WHAT IS EXPECTED »
Could you retype, exactly as written, every line from the top of the records through the line that contains "東北へ向かうボランティア支援"?

DATA TO EXAMINE »
★ ★ ★
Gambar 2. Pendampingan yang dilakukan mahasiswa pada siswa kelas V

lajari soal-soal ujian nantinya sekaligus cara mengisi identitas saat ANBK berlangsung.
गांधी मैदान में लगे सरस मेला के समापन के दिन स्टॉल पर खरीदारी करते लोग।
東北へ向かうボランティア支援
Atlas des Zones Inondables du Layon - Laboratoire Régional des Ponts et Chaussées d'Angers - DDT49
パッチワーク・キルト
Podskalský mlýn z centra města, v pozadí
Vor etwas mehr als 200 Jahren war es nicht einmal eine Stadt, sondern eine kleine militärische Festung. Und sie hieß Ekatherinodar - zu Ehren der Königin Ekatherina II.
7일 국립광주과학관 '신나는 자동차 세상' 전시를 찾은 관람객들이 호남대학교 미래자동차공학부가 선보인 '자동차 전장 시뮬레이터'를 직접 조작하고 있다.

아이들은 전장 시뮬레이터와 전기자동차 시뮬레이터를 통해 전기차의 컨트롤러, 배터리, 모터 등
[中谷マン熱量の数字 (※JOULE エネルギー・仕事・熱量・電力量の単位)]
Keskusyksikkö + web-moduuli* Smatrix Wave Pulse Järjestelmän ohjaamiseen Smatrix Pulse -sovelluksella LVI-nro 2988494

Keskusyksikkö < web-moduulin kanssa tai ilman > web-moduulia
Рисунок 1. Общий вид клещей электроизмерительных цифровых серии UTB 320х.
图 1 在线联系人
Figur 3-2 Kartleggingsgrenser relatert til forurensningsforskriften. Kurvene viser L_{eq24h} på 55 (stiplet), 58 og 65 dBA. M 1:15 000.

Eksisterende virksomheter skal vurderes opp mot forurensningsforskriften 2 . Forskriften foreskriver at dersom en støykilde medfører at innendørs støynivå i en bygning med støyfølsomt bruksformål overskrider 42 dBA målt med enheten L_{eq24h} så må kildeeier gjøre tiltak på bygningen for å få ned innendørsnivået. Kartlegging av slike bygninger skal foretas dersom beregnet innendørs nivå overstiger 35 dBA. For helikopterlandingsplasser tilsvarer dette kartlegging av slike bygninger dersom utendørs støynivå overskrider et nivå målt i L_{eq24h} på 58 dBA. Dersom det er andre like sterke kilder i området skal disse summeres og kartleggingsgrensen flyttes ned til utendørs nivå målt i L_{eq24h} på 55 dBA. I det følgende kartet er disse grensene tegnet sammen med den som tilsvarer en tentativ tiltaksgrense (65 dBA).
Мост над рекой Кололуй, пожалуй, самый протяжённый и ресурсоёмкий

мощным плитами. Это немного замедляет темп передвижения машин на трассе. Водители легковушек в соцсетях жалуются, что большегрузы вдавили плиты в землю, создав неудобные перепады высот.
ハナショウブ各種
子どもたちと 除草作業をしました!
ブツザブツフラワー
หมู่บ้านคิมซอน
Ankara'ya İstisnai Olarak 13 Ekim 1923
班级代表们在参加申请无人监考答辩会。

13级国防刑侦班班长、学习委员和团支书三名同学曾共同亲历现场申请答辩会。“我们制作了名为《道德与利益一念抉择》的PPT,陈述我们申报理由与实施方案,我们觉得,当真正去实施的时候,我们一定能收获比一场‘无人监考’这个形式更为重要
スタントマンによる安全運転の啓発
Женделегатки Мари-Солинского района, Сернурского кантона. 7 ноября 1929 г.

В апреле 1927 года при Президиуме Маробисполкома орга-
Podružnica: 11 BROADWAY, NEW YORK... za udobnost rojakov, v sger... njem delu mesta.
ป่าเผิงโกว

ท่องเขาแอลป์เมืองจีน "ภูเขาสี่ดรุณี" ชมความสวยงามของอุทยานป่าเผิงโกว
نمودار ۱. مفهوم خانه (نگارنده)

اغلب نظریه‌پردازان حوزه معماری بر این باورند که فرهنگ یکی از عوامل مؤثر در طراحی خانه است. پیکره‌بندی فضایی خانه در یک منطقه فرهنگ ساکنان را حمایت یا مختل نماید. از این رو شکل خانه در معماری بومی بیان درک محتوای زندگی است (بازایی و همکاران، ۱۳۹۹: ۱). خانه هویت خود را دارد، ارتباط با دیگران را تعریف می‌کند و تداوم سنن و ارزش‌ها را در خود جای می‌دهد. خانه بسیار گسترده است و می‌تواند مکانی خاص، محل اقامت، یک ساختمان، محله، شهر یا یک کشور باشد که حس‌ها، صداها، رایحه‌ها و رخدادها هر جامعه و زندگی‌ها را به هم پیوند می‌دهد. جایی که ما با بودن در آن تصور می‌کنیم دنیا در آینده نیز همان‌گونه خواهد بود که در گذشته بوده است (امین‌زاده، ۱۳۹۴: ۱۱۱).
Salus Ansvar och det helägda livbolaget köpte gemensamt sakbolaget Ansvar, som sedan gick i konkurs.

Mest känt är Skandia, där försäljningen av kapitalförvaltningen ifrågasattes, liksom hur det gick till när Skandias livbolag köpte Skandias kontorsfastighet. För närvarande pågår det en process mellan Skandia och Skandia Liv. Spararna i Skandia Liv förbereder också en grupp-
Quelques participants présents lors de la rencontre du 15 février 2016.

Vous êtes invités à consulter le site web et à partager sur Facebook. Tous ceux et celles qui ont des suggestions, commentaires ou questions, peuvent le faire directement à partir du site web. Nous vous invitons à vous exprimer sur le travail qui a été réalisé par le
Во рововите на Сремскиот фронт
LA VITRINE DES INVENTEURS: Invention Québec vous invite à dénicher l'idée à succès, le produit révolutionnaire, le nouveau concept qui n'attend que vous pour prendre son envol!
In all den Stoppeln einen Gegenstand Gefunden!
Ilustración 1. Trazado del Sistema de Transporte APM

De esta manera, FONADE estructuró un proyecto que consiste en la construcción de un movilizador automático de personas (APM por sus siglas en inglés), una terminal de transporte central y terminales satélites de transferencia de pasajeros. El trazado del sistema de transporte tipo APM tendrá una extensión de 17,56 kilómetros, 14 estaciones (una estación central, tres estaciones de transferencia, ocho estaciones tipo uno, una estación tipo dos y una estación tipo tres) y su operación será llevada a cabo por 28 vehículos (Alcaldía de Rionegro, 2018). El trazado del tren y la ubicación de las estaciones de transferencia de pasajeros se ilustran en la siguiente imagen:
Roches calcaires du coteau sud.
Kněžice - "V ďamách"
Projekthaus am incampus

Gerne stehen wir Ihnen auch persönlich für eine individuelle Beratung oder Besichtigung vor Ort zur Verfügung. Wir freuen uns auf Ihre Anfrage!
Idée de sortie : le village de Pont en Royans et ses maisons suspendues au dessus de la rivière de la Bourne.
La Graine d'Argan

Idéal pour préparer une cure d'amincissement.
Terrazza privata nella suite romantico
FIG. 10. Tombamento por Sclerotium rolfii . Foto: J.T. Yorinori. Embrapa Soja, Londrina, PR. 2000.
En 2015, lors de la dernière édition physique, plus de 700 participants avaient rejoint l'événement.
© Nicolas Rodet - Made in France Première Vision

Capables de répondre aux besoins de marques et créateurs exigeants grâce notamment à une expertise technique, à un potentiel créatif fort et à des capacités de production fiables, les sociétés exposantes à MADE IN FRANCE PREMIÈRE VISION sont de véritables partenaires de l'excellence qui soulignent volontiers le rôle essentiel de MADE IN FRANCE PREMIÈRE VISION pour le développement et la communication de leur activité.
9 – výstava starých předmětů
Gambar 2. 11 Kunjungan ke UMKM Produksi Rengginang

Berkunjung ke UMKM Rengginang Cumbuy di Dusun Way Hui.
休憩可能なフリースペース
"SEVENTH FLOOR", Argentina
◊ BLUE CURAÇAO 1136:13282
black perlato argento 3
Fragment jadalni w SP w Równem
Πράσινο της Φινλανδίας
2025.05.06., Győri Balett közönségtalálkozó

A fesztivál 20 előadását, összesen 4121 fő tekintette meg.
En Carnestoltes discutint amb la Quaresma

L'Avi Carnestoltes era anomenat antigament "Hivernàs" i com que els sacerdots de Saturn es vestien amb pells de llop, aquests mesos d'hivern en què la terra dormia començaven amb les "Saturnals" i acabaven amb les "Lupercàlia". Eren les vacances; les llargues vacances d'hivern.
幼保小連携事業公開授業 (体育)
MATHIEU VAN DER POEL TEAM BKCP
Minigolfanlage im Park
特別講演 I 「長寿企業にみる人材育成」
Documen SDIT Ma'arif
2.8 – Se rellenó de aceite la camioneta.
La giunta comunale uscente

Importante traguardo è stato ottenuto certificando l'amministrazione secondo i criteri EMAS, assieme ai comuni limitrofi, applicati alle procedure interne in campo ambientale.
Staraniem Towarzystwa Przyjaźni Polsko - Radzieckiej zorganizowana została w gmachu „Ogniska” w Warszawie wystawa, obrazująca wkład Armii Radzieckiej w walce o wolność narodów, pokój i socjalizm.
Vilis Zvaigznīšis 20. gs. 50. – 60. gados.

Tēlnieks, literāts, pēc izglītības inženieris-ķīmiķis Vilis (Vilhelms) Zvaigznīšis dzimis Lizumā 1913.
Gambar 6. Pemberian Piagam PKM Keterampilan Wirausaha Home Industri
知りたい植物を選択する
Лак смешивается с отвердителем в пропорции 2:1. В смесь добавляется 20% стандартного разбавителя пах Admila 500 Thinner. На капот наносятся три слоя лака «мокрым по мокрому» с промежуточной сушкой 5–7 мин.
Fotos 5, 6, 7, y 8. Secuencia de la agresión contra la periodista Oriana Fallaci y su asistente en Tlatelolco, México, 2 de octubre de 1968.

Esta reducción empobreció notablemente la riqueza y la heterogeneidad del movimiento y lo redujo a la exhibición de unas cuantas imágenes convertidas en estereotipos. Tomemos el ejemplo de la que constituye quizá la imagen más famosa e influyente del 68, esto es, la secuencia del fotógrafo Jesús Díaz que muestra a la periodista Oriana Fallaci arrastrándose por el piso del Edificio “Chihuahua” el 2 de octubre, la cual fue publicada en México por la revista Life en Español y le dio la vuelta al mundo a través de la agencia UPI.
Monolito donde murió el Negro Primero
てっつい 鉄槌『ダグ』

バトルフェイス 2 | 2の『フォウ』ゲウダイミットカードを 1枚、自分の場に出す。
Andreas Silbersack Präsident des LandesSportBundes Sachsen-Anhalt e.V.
★ ★ ★
FINISHED TASK »
Gambar 2. Pendampingan yang dilakukan mahasiswa pada siswa kelas V

lajari soal-soal ujian nantinya sekaligus cara mengisi identitas saat ANBK berlangsung.
गांधी मैदान में लगे सरस मेला के समापन के दिन स्टॉल पर खरीदारी करते लोग।
東北へ向かうボランティア支援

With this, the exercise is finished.